BEGIN Records for the exercise

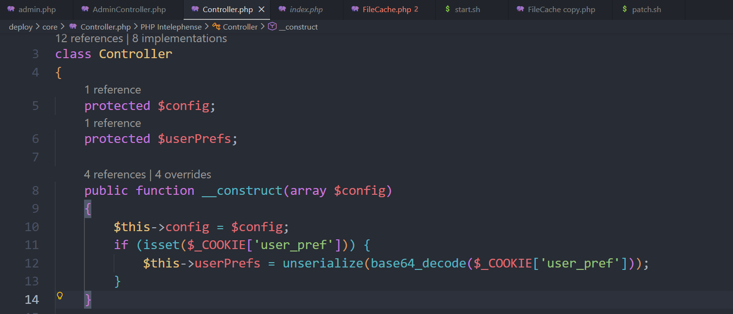 Controller.php 有反序列化,且 cookie 的user_pref 参数可控。
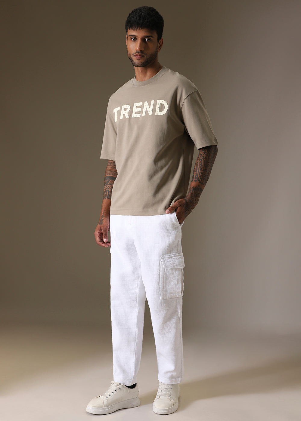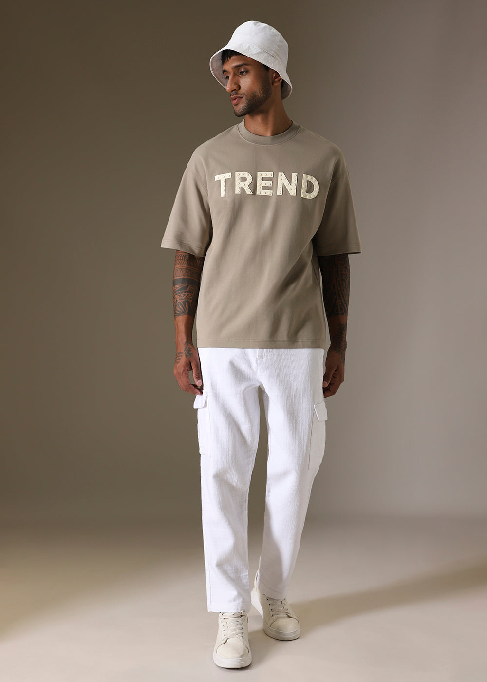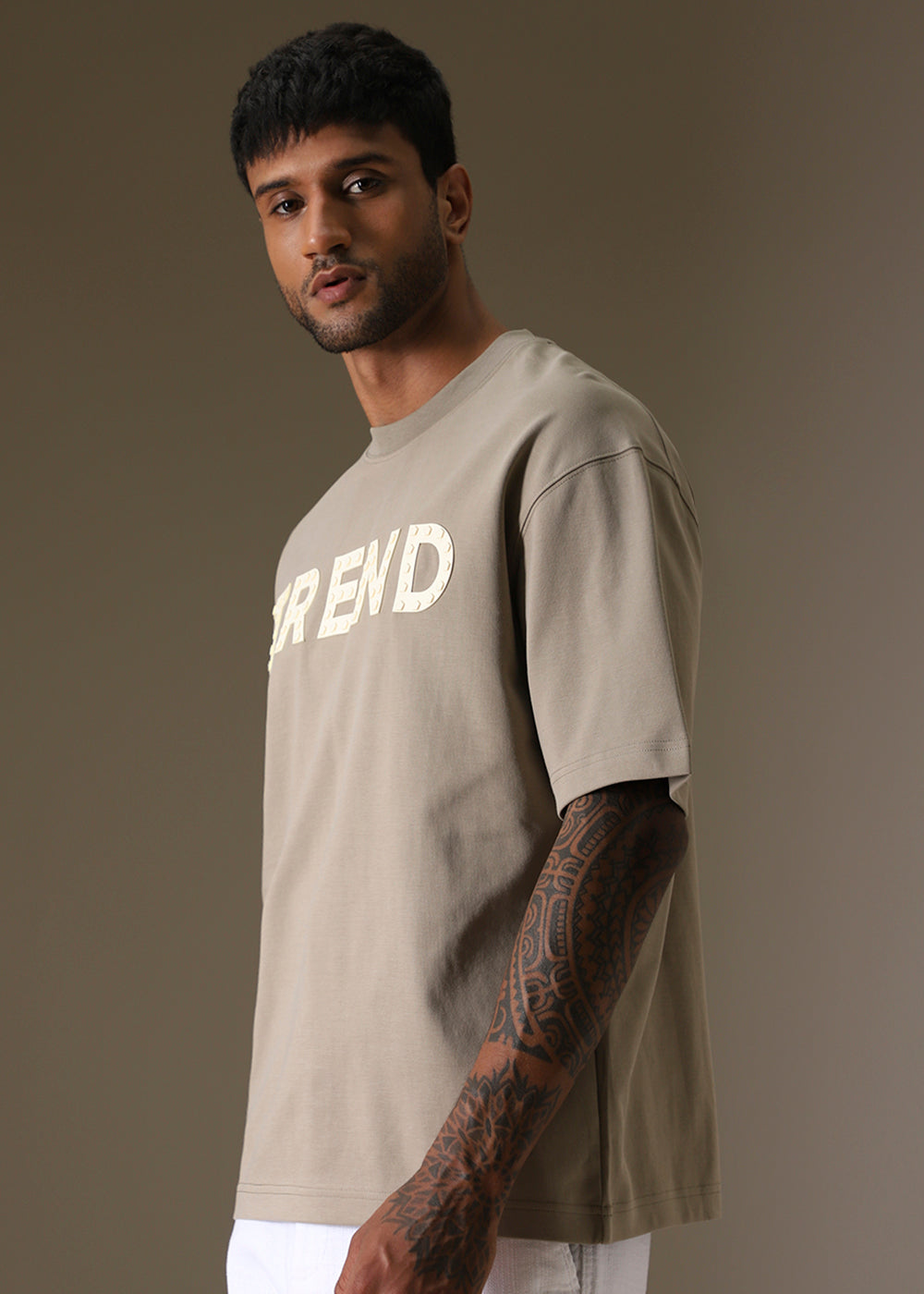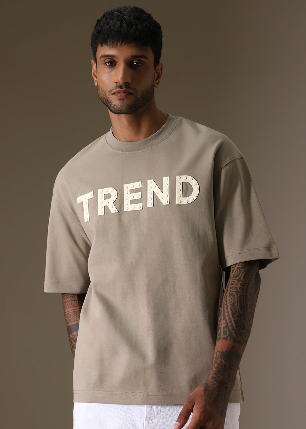 Tan Embossed Oversized T-shirt
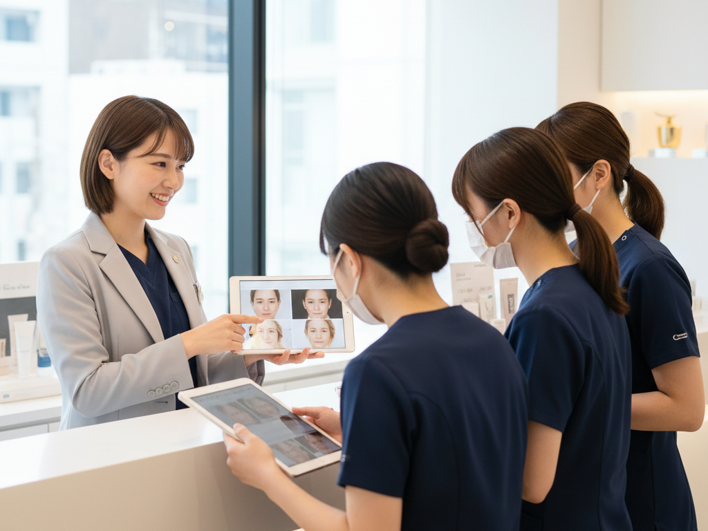 接客、カウンセリング、施術の手順はもちろん、クレーム対応や清掃基準に至るまで、誰がやっても同じ結果が出るように言語化します。これにより、多店舗でも「クリニックのブランド」を均一に保つことができます。
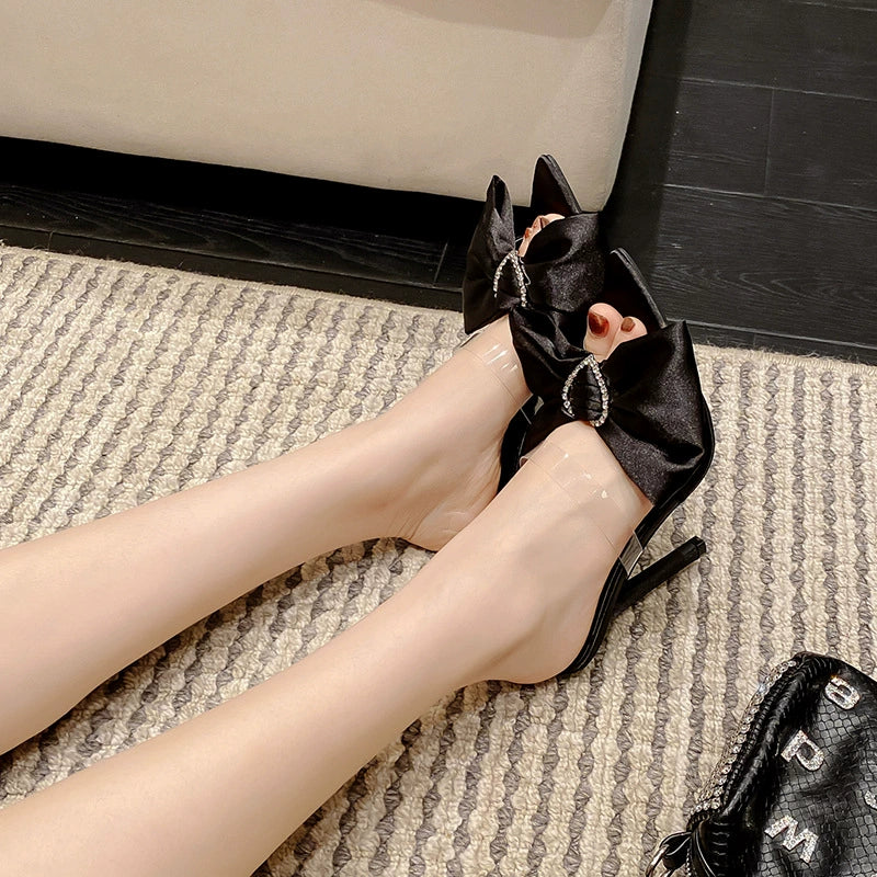 Diseño elegante y moderno: estas sandalias cuentan con un diseño de lazo y correa de rinetona, puntera abierta y tacones de aguja, lo que las convierte en una opción de moda para cualquier atuendo.
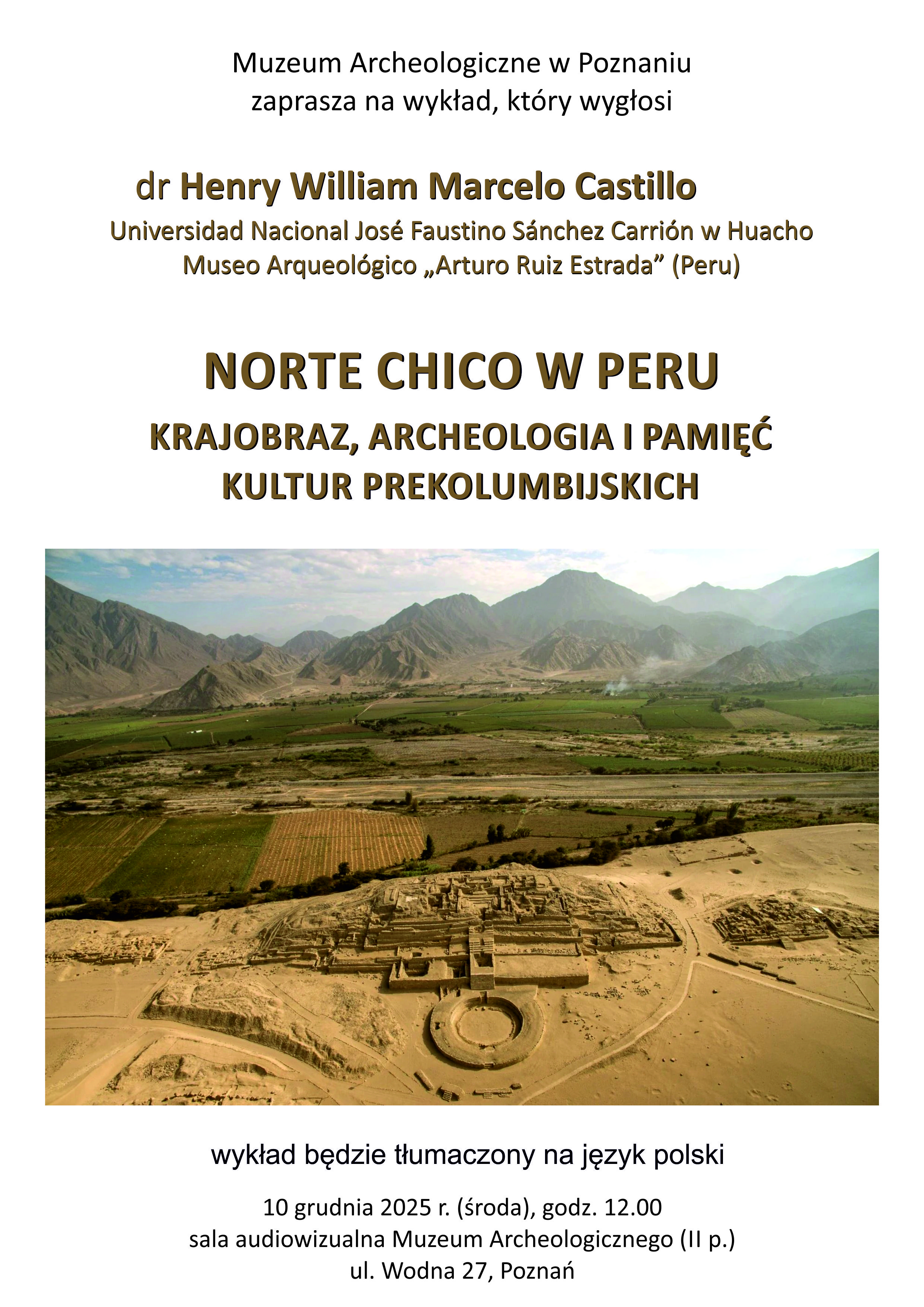 Dr Henry William Marcelo Castillo z Universidad Nacional José Faustino Sánchez Carrión w Huacho oraz Museo Arqueológico „Arturo Ruiz Estrada” (Peru) opowie o fascynującej krainie Norte Chico – miejscu, gdzie ponad 5000 lat temu powstały monumentalne kompleksy, centra ceremonialne i unikalne tradycje społeczno-kulturowe.

END Records for the exercise

Exercise details — All that is required is the lines from the line containing "Tan Embossed Oversized T-shirt" through the end of the records above, copied exactly, and none of the pictures.

Result —
 Tan Embossed Oversized T-shirt
 接客、カウンセリング、施術の手順はもちろん、クレーム対応や清掃基準に至るまで、誰がやっても同じ結果が出るように言語化します。これにより、多店舗でも「クリニックのブランド」を均一に保つことができます。
 Diseño elegante y moderno: estas sandalias cuentan con un diseño de lazo y correa de rinetona, puntera abierta y tacones de aguja, lo que las convierte en una opción de moda para cualquier atuendo.
 Dr Henry William Marcelo Castillo z Universidad Nacional José Faustino Sánchez Carrión w Huacho oraz Museo Arqueológico „Arturo Ruiz Estrada” (Peru) opowie o fascynującej krainie Norte Chico – miejscu, gdzie ponad 5000 lat temu powstały monumentalne kompleksy, centra ceremonialne i unikalne tradycje społeczno-kulturowe.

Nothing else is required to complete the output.